While scripted similarities provide a lot of flexibility, there is a set of rules that they need to satisfy. Failing to do so could make Elasticsearch silently return wrong top hits or fail with internal errors at search time:

  • Returned scores must be positive.
  • All other variables remaining equal, scores must not decrease when doc.freq increases.
  • All other variables remaining equal, scores must not increase when doc.length increases.

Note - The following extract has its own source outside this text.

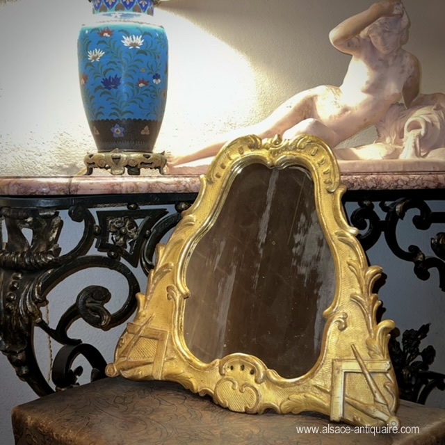 Miroir de forme triangulaire, bois doré sculpté, rinceaux et coquilles, attributs maçonniques, équerre et compas, dans les angles inférieurs. Miroir ancien avec traces légères d'oxydation Époque 18 ème siècle.

You might have noticed that a significant part of the above script depends on statistics that are the same for every document. It is possible to make the above slightly more efficient by providing an weight_script which will compute the document-independent part of the score and will be available under the weight variable. When no weight_script is provided, weight is equal to 1. The weight_script has access to the same variables as the script except doc since it is supposed to compute a document-independent contribution to the score.

The below configuration will give the same tf-idf scores but is slightly more efficient:

  1. PUT /index
  2. {
  3. "settings": {
  4. "number_of_shards": 1,
  5. "similarity": {
  6. "scripted_tfidf": {
  7. "type": "scripted",
  8. "weight_script": {
  9. "source": "double idf = Math.log((field.docCount+1.0)/(term.docFreq+1.0)) + 1.0; return query.boost * idf;"
  10. },
  11. "script": {
  12. "source": "double tf = Math.sqrt(doc.freq); double norm = 1/Math.sqrt(doc.length); return weight * tf * norm;"
  13. }
  14. }
  15. }
  16. },
  17. "mappings": {
  18. "properties": {
  19. "field": {
  20. "type": "text",
  21. "similarity": "scripted_tfidf"
  22. }
  23. }
  24. }
  25. }

Type name: scripted

Default Similarity

By default, Elasticsearch will use whatever similarity is configured as default.

You can change the default similarity for all fields in an index when it is created:

  1. PUT /index
  2. {
  3. "settings": {
  4. "index": {
  5. "similarity": {
  6. "default": {
  7. "type": "boolean"
  8. }
  9. }
  10. }
  11. }
  12. }

If you want to change the default similarity after creating the index you must close your index, send the following request and open it again afterwards:

  1. POST /index/_close?wait_for_active_shards=0
  2. PUT /index/_settings
  3. {
  4. "index": {
  5. "similarity": {
  6. "default": {
  7. "type": "boolean"
  8. }
  9. }
  10. }
  11. }
  12. POST /index/_open